Blood and/or pleural fluid samples were collected within 24 hr of admission or on a symptomatic day before treatment. Blood and/or pleural fluid were collected in plain tubes and centrifuged (1,200×g for 10 min) within 60 min of collection. The serum and pleural sample supernatants were stored at -75℃ until IL-33, ST2, and IFN-γ analyses. Stability of IL-33 with repeated freezing-thawing was ensured for up to 10 freeze-thaw cycles. The change in IL-33 levels after 10 freeze-thaw cycles was less than 10% of the estimated pre-freeze concentration (data not shown). IL-33 and ST2 levels were measured using commercial ELISA kits (R&D Systems, Minneapolis, MN, USA). IFN-γ levels were also measured with a commercially available ELISA kit (Cellestis, Carnegie, Australia). Measurements of IL-33, ST2, and IFN-γ were performed in duplicate and the results were averaged. The limits of detection for IL-33, ST2, and IFN-γ were 10 pg/mL, 6 pg/mL, and 0.06 IU/mL, respectively. Values of 10 (IL-33), 6 (ST2) or 0.06 (IFN-γ) were assigned to results that were below a particular assay's limit of detection. The maximum linear responses of IL-33, ST2, and IFN-γ were 1,500 pg/mL, 2,000 pg/mL, and 40 IU/mL, respectively. Samples with values greater than the maximum linear response were diluted 10-fold and reanalyzed. If the 10-fold diluted sample levels were higher than the linear range, 100-fold dilutions were performed. The IL-33 test indicated no significant cross-reactivity with or interference by 50 ng/mL of the following cytokines (ST2, IL-1α, IL-1β, IL-2, IL-6, IL-12, IL-18, IFN-γ, and TNF-α). None of the 3 ELISA kits were validated by the manufacturer for the accuracy of pleural fluid analyses. In the current study, we analyzed pleural fluids using each ELISA kit as an experimental pilot research. Dilution assessment of each sample by using 4 different concentrations of each patient pleural fluid sample indicated that signal level depended on sample dilution levels (90-110% of expected values) for each cytokine. Spike and recovery assessment of pleural fluid sample demonstrated acceptable performances (90-110% of recovery rates) for each cytokine. Levels of ADA (Diazyme Laboratories, San Diego, CA, USA), LDH, and total protein were analyzed by routine clinical laboratory test protocols using an automated chemical analyzer (Modular P800; Roche Diagnostics GmbH, Mannheim, Germany).

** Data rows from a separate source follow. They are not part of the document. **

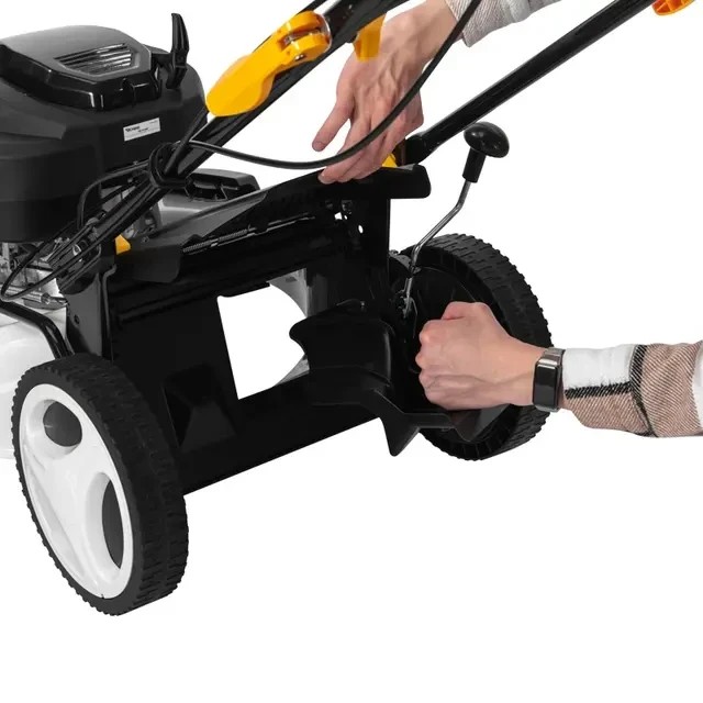 Самоходная бензиновая газонокосилка KR-510SP – это высокоэффективное оборудование для ухода за газоном. Газонокосилка обладает несколькими режимами работы: боковой выброс травы, сбор травы в специальный травосборник и выброс травы под деку. Предусмотрена функция мульчирования, при которой срезанная трава мелко измельчается и распределяется по поверхности газона для его удобрения. Привод на колеса делает косилку самоходной, что облегчает ее перемещение по участку. Передние колеса диаметром 205 мм и задние колеса диаметром 255 мм создают надежное сцепление с поверхностью и позволяют газонокосилке легко маневрировать даже на неровных участках. Комбинированный травосборник из пластика и мягкой ткани легок в уходе и имеет флажок для указания заполненности. Быстрозажимные эксцентриковые фиксаторы позволяют быстро сложить газонокосилку для хранения. Насос подкачки топлива (праймер) обеспечивает быстрый старт двигателя даже после долгого простоя. Воздушный фильтр эффективно предотвращает попадание твердых частиц в цилиндр двигателя, гарантируя долгий срок службы и надежную работу. Штуцер для мойки рабочей части газонокосилки значительно упрощает процесс очистки от травы и грязи. В комплекте поставляется дополнительный аэродинамический нож.
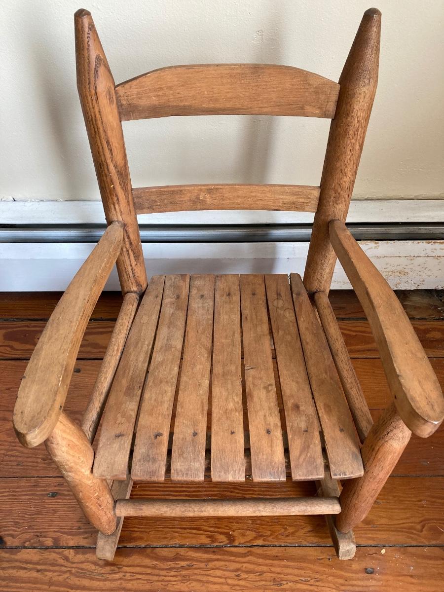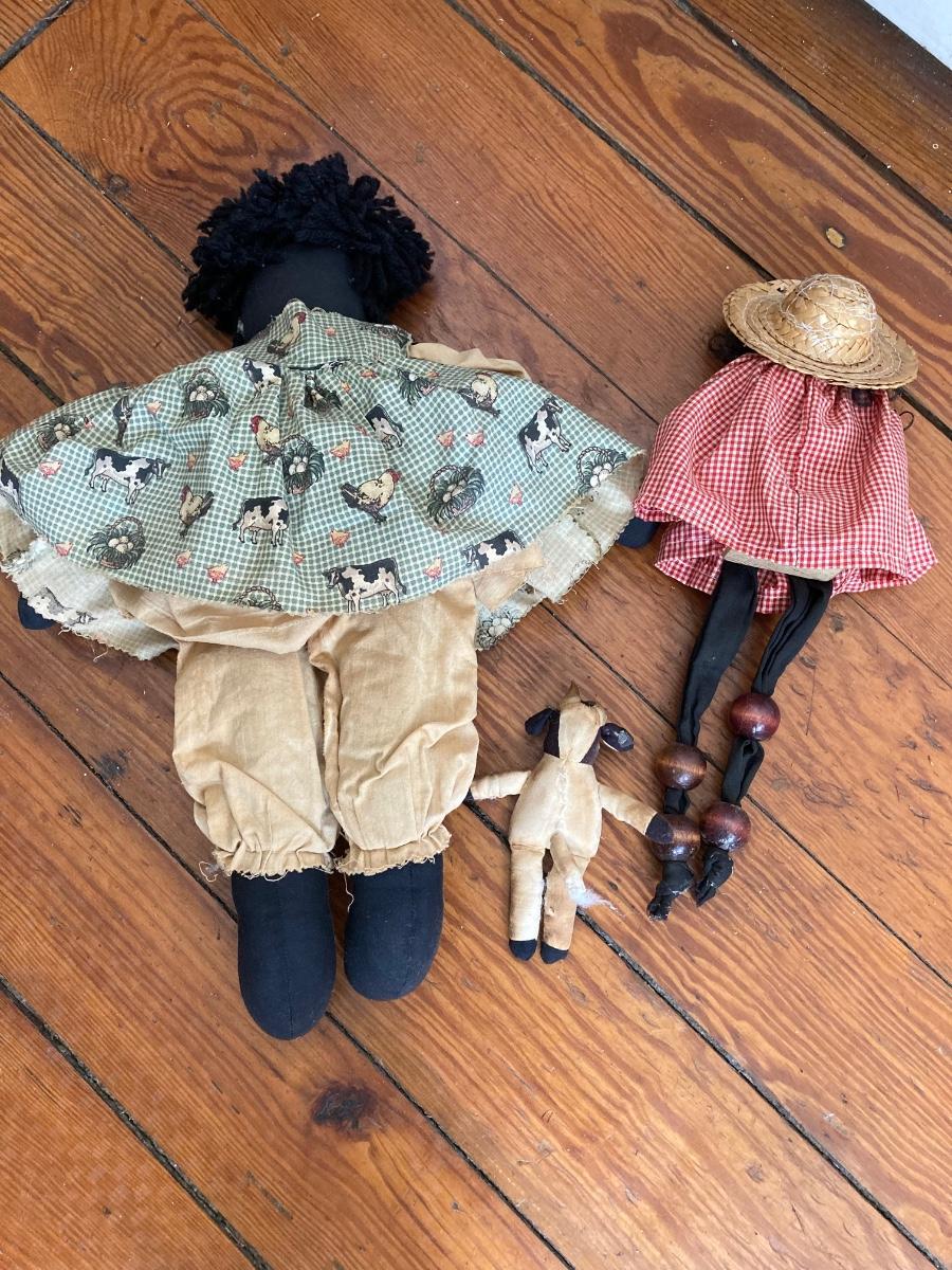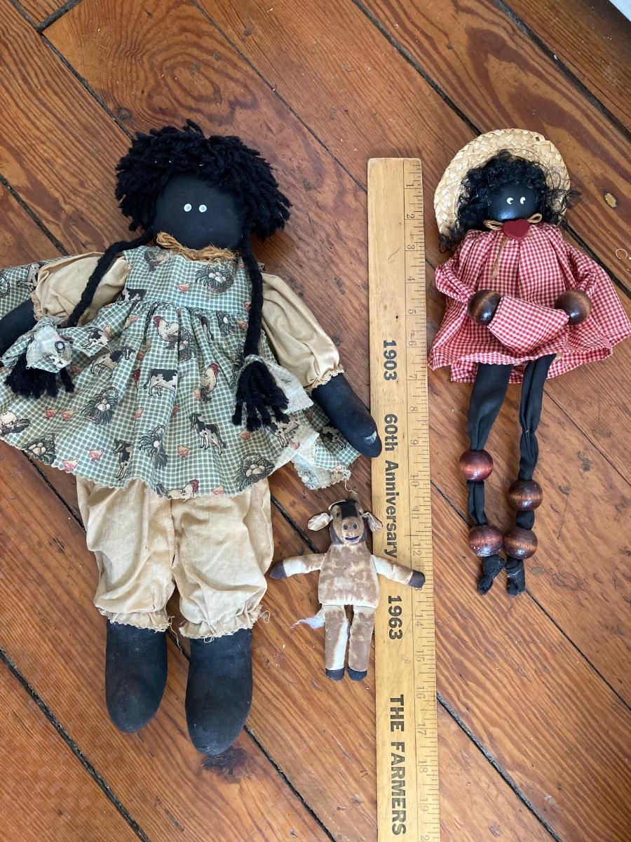 LOT 34: Vintage Children's Wooden Rocking Chair with Black Americana Folk Art Dolls
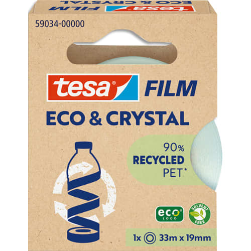 TESA Boîte individuelle 1 rouleau adhésif ECO&CRYSTAL en pet à 90% 33m x 19mm

3. Diagnostic criteria for PEs

Determination of the etiology of the PEs was provided by 2 pulmonologists. The pulmonologists independently reviewed clinical presentations, relevant diagnostic test results, and each patient's response to treatment. PEs were differentiated by the following criteria: 1) MPE was diagnosed if cancer cells were present in pleural fluid or pleural biopsies, or in patients with disseminated malignancy without any alternative explanation for an exudative PE; 2) Parapneumonic PE (PPE) was diagnosed based on the presence of pulmonary infections associated with acute febrile illness, pulmonary infiltrates, purulent sputum, and response to antibiotic treatment or identification of the organism in the pleural fluid; 3) TPE was diagnosed on the basis of the presence of positive staining or culture for M. tuberculosis in the pleural fluid, sputum or pleural biopsy specimen or typical caseating granulomas on pleural biopsy; and 4) Cardiogenic PE (CPE) was diagnosed on the basis of the presence of heart failure as a cause of transudative PE with the exclusion of any other cause of PE. All exudates were defined as described by Light et al [31].

4. Statistical analyses

Gender ratios and proportions were compared using chi-square tests. Mean ages were compared using a one-way ANOVA followed by Tukey's Honestly Significant Difference (HSD) post-hoc tests. The median levels of sera and pleural fluid markers were compared using nonparametric tests, because the concentrations were not normally distributed. Differences between more than 2 groups were determined using Kruskal-Wallis tests, with subsequent Conover post-hoc tests if the differences were significant. Spearman correlations were used to determine the relationships between the levels of pleural IL-33 and levels of pleural ADA or IFN-γ.
The diagnostic accuracies of pleural markers for discriminating the etiology of PEs were determined through analyses of ROC curves. Statistical differences were analyzed using the DeLong method. Data were analyzed using MedCalc version 11.5 (Med-Calc Software, Mariakerke, Belgium) and SPSS version 15 (SPSS Inc., Chicago, IL, USA). P values<0.05 were considered statistically significant.

RESULTS

1. Demographic characteristics of the study subjects and basic characteristics of pleural fluid samples

The demographic characteristics of the study subjects are presented in Table 1. The mean ages of subjects in the malignancy, pneumonia, and heart failure groups were higher than that of the tuberculosis group. The groups did not significantly differ with regard to subject gender. The basic characteristics of the pleural fluid samples are recorded in Table 2.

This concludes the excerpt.